The compound according to claim 1 or 2, or a pharmaceutically acceptable salt thereof, or a stereoisomer thereof, as a medicament for treating or delaying the development or onset of a disease selected from the group consisting of diabetes, diabetic retinopathy , diabetic dysmenorrhea, diabetic nephropathy, insulin resistance, hyperglycemia, hyperinsulinemia, elevated levels of fatty acids or glycerol, hyperlipidemia, obesity, hypertriglyceridemia, X syndrome , diabetic complications or atherosclerosis or high blood pressure.

10. A pharmaceutical composition comprising a therapeutically effective amount of a compound of claim 1 or 2, or a pharmaceutically acceptable salt thereof, or a stereoisomer thereof, and a pharmaceutically acceptable carrier.

11. Use of a pharmaceutical composition according to claim 10 for the manufacture of a medicament for the treatment or delay of the development or onset of a disease selected from the group consisting of diabetes, diabetic retinopathy, diabetic neuropathy, diabetes Kidney disease, insulin resistance, hyperglycemia, hyperinsulinemia, elevated levels of fatty acids or glycerol, hyperlipidemia, obesity, hypertriglyceridemia, X syndrome, diabetic complications or atherosclerosis Or high blood pressure.

12. A treatment for diabetes, diabetic retinopathy, diabetic neuropathy, diabetic nephropathy, insulin resistance, hyperglycemia, hyperinsulinemia, elevated levels of fatty acids or glycerol, hyperlipidemia, obesity, high A method of triglycerideemia, X syndrome, diabetic complications, or atherosclerosis or hypertension, the method comprising administering to a patient in need of treatment a therapeutically effective amount of the medicament according to claim 10 Composition.

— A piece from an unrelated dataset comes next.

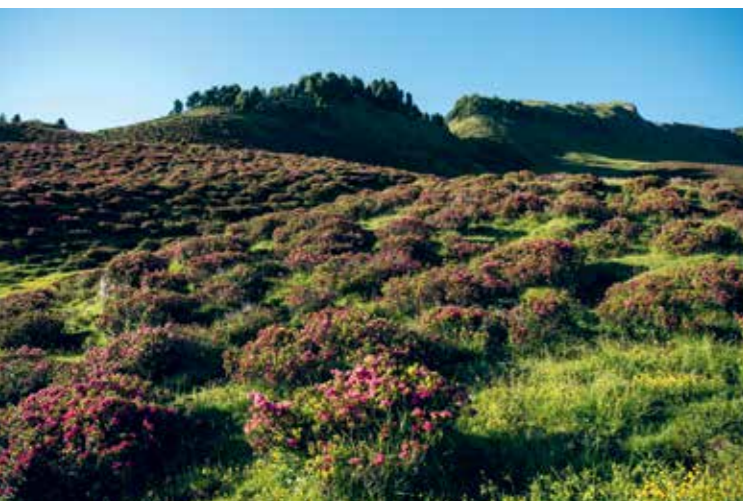
Im Hochsommer öffnen die Almrosen ihre Blüten.

13. The pharmaceutical composition according to claim 10, which is a medicament for treating or delaying the development or onset of a disease selected from the group consisting of diabetes, diabetic retinopathy, diabetic neuropathy, diabetic nephropathy, insulin resistance , hyperglycemia, hyperinsulinemia, elevated levels of fatty acids or glycerol, hyperlipidemia, obesity, hypertriglyceridemia, X syndrome, diabetic complications or atherosclerosis or hypertension.